House hearing erupts as black politician scolds Democrats for using him as 'pawn'

Rep. Steve Cohen, D-Tenn., slams his gavel as he chairs a House Judiciary Committee hearing on voting rights (Video screenshot)

An irate Democratic chairman slammed his gavel during a House Judiciary Subcommittee hearing on voting rights Thursday after a black lieutenant governor recounted Republican leadership historically on civil rights and demanded he not be used as a “pawn” for the Democrats’ election “agenda.”

North Carolina Lt. Gov. Mark Robinson, a witness in the Democratic-led hearing, affirmed in questioning by Rep. Chip Roy, R-Texas, that it was the Republican Party that passed the 13th Amendment abolishing slavery, the 14th giving blacks citizenship and the 15th granting the right to vote. And the 1964 Civil Rights Act was “led heavily by Republicans.”

“That history is clear, who stood on which side at every turn in history,” said Robinson.

“What we want is integrity,” he said. “We don’t want power … we want to have the best election system in the world.”

Noting Third World countries use systems such as a painted finger to secure the vote, Robinson said “it’s time to stop playing all these silly games based on race.”

“And, please, stop using me as a black man as your pawn — and, yes, I said it — to push your agenda,” he said, speaking directly to Democrats. “I’m sick of it.”

A Democratic member of the committee interrupted, asked the chairman, Rep. Steve Cohen, D-Tenn., to ask the witness to answer the question.

Amid crosstalk, Roy asked for a unanimous consent request to insert a document into the record.

Cohen, whose mic wasn’t on, slammed his gavel, asking for the next lawmaker to begin his time of questioning the witnesses via video remote.

Roy, who was in the hearing room, asked, “So the chairman doesn’t want us to be able to insert stuff into the record?”

There was more crosstalk.

“Maybe in a few minutes, not right now,” Cohen said, showing his irritation with a dismissive wave of the hand at Roy.

Roy asked for clarification, and Cohen slammed his gavel again, yelling, “Mr. Johnson, we’re going to go on proper order! You’re recognized for five minutes!”

Roy said: “Well, this is a great way to run a hearing. Impressive.”

See the exchange:

In his opening statement, Robinson noted he grew up at the ninth of 10 children in Greesboro, North Carolina, an “epicenter of the civil rights movement” as the site of the Woolworth’s lunch counter protest. His mother, a woman of faith, grew up in the Jim Crow era and “witnessed first hand the made by those to ensure that black voices would be heard in government.”

The suffering of his people, from slavery through segregation, was immense, he said, but today millions of black people are leaders in business, athletics, government and culture.
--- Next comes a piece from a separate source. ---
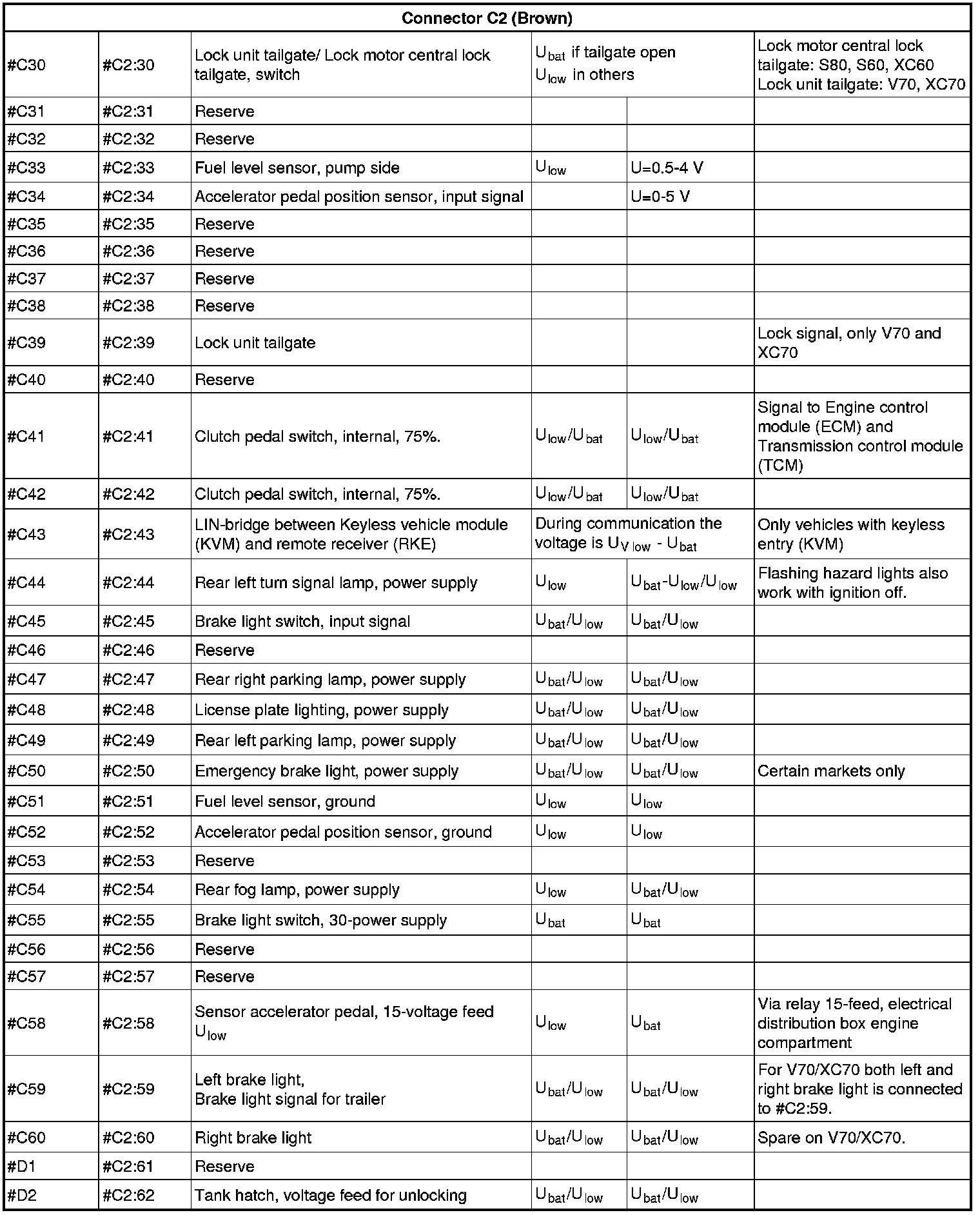 All values given below are between the terminals stated in column 1 and terminal #D5 (power ground). This applies unless otherwise indicated in the last column.

Mentioning Barack Obama’s two terms in the White House, the lieutenant governor said those developments all “add up to an incredible story of victory.”
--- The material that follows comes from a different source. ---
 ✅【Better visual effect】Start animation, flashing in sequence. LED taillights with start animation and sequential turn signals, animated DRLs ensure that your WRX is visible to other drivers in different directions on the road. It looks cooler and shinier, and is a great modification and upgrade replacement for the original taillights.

Now, the Georgia voting law is being compared to Jim Crow laws, charging black voices are being silenced, he said. Not by bullets, bombs or nooses, but by requiring a free ID to secure the vote.

“How absolutely prepostrous,” said Robinson. “Am I to believe that black Americans who have overcome the atrocities of slavery, who were victorious in the Civil Rights movement and now sit in the highest levels of this goverment cannot figure out how to get a free ID to secure their votes?”
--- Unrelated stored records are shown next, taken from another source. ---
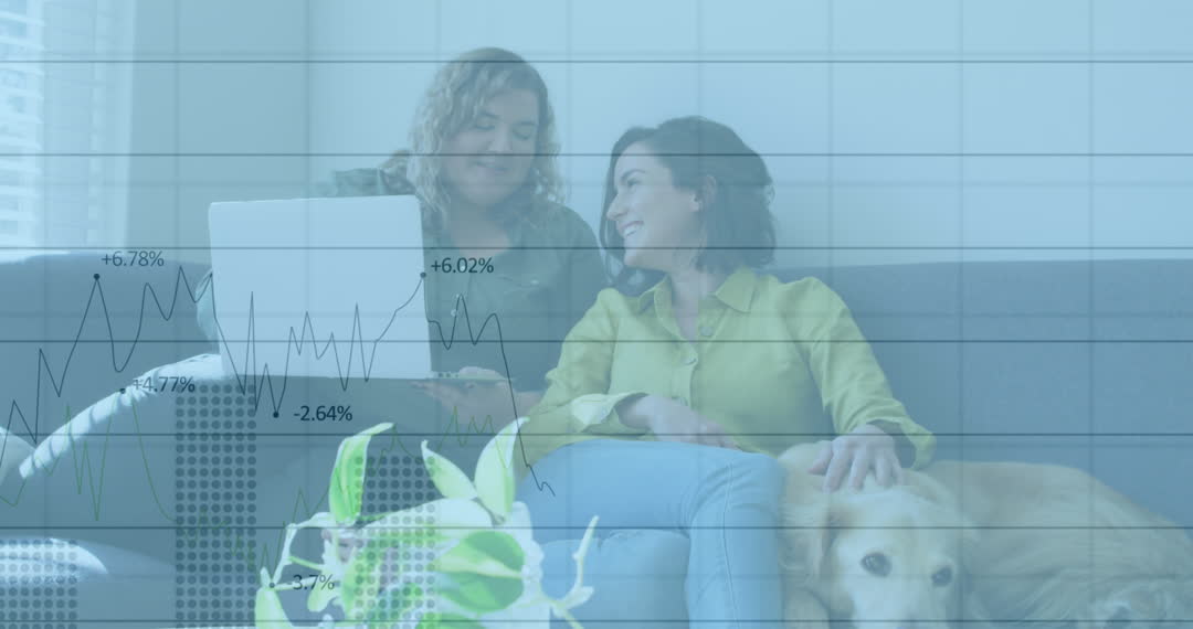 Lesbian Couple Using Laptop with Financial Data Overlay Video
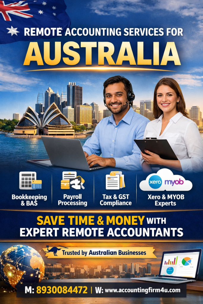 Remote accounting services involve outsourcing accounting, bookkeeping, payroll, taxation, and compliance tasks to professional accountants working from a different location—often overseas—while following Australian accounting standards and tax laws.
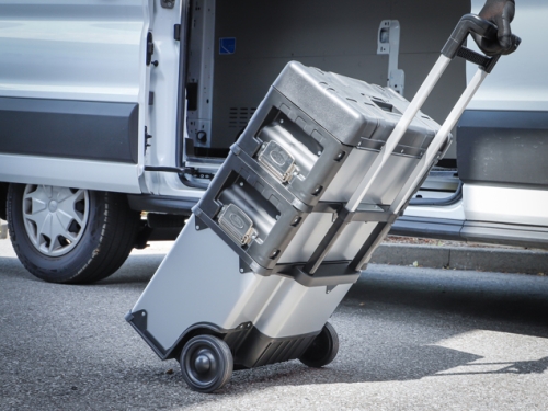 • stabiler Hartschalenkoffer aus schlagfestem Kunststoff und Stahlblech

The idea is “not just insane,” he said, “it is insulting.”

See Robinson’s remarks:

Robinson insisted the resistance to voter ID laws is not about justice, it’s about power.

He noted that when Vice President Kamala Harris went to the iconic Woolworth’s lunch counter in Greensboro, a man who was at the center of that Civil Rights protest, Clarence Henderson, was not invited.

“Why was he left out? Because he’s of a different political persuasion,” Robinson said.

Henderson, in a speech at the Republican National Convention last year, explained why he was voting for Donald Trump for president. He mentioned that it was the Republican Party that passed the 13th, 14th and 15 Amendments.

See Clarence Henderson’s RNC speech:

At the hearing Thursday, Robinson charged that the goal of some politicians is not to hear black voices but “to hear the voices that fit their narratives and ultimately help keep power with one group.”

“That’s what this is all about,” he said. “It’s about power.”

HR1, the For the People Act, Robinson said, is the Democrats’ instrument for carrying that out, removing the power the Constitution grants to the states to establish election laws.

Voter ID, he said, “is our first line of defense for protecting the integrity of the right to vote.

“And that’s what this should be about,” said Henderson. “It should be about integrity, not power.”